• **WHAT YOU SHOULD DO**:
Output the complete listing exactly, please, and keep the pictures out of it.

───── EXERCISE DATA

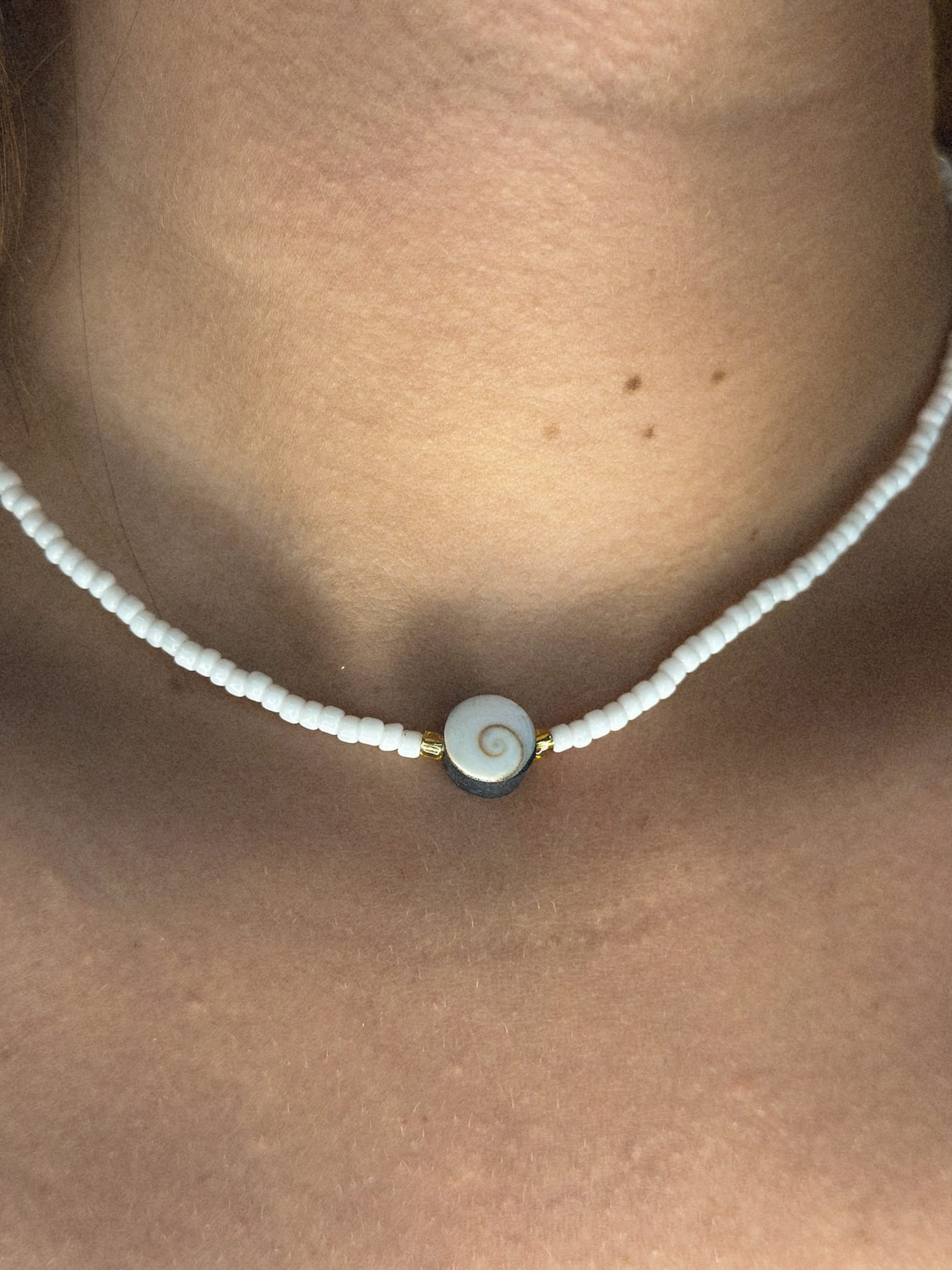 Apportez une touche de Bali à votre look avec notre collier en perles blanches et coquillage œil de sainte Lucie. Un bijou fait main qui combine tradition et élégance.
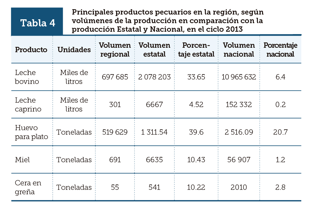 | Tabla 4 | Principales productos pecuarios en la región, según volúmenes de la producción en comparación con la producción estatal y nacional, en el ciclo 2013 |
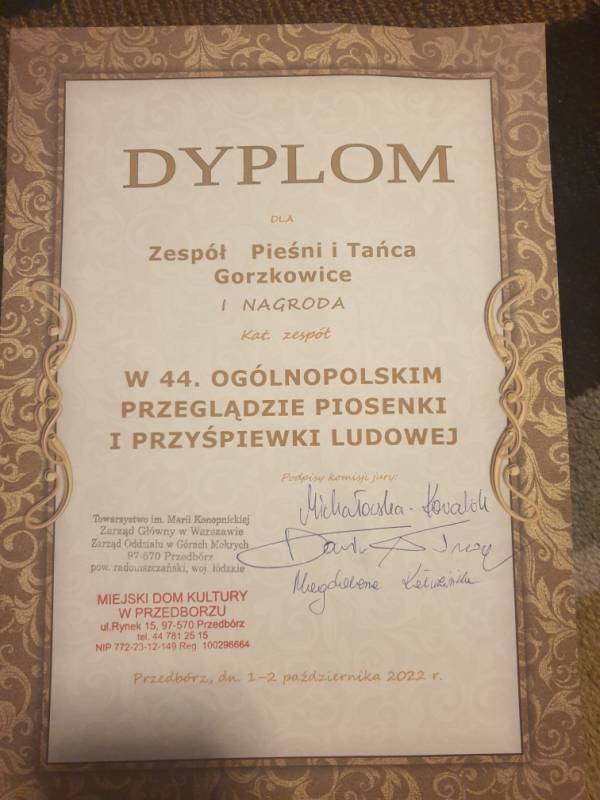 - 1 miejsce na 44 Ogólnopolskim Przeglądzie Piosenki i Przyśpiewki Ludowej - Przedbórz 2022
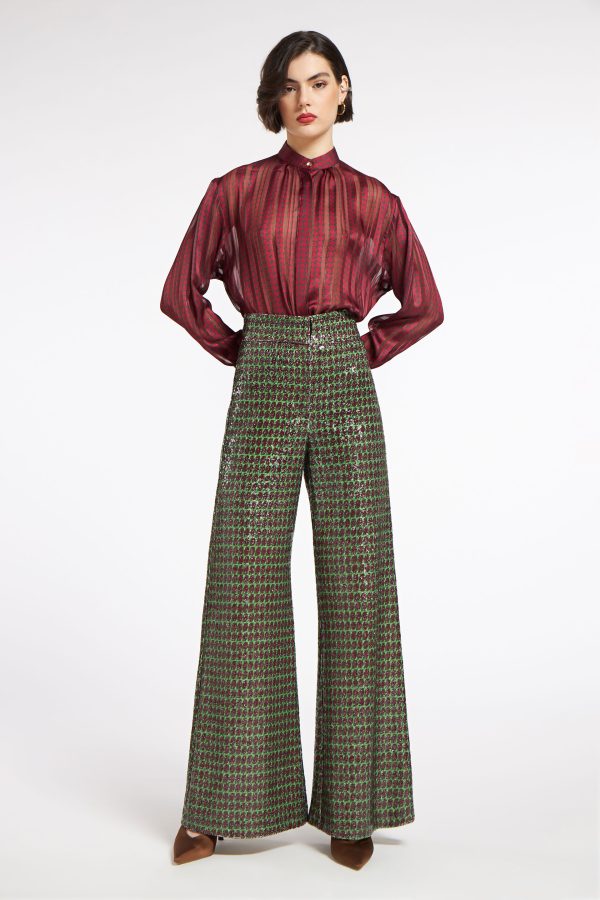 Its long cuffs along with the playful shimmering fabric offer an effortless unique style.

──────────

• **RESULT BELOW**:
 Apportez une touche de Bali à votre look avec notre collier en perles blanches et coquillage œil de sainte Lucie. Un bijou fait main qui combine tradition et élégance.
 | Tabla 4 | Principales productos pecuarios en la región, según volúmenes de la producción en comparación con la producción estatal y nacional, en el ciclo 2013 |
 - 1 miejsce na 44 Ogólnopolskim Przeglądzie Piosenki i Przyśpiewki Ludowej - Przedbórz 2022
 Its long cuffs along with the playful shimmering fabric offer an effortless unique style.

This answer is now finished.